Making More Conscious Choices
Our lives reflect who we are and what we have allowed ourselves to become. We do not become more serene by chance but by choice. The only difference between those who have control of their destiny and those who feel controlled by events is how conscious they are of the choices they make. If we make choices unconsciously, moved by a reaction to outer circumstances or driven by our own random and chaotic thoughts, we have habituated ourselves to being constrained in a mental prison created by our own lack of understanding.
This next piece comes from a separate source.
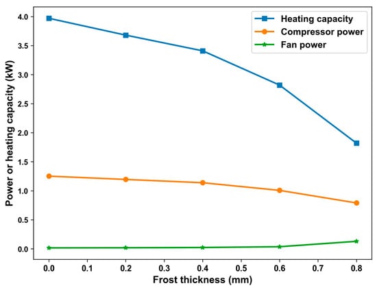 In cold operating conditions, frost accumulation can markedly curtail the heating capacity, thereby significantly decreasing the COP. This section explores the impact of frost thickness on heating capacity, compressor power, fan power, operating pressure, refrigerant flow rate, and COP. The operating parameters for heating are listed in Table 3.

We have often chosen without knowing we had a choice. We assume that life controls us, that we are victims of circumstance. But it is our choices that lead us step by step into the circumstances in which we find ourselves. We sometimes drift with the tide and run aground on the rocks, choosing by not choosing. We must consciously steer the vessels of our lives in another and more fulfilling direction. We constantly make choices, and each choice has its consequence, which leads to more choices and more consequences. Most people are so unaware of their own choices that they never realize they had made a decision and never recognize that the chain of causation was set in motion by their own unconscious assumptions.
For instance, it’s easy to react automatically to a negative situation and replay old victim stories with a new cast of characters, even when the new situation has nothing to do with the situations of the past. Perhaps someone betrayed us in the past, and when confronted with a new hurtful situation, we assume that we have been betrayed again. What has happened before seems to be happening again, and so we fall into the same patterns of behavior without thinking.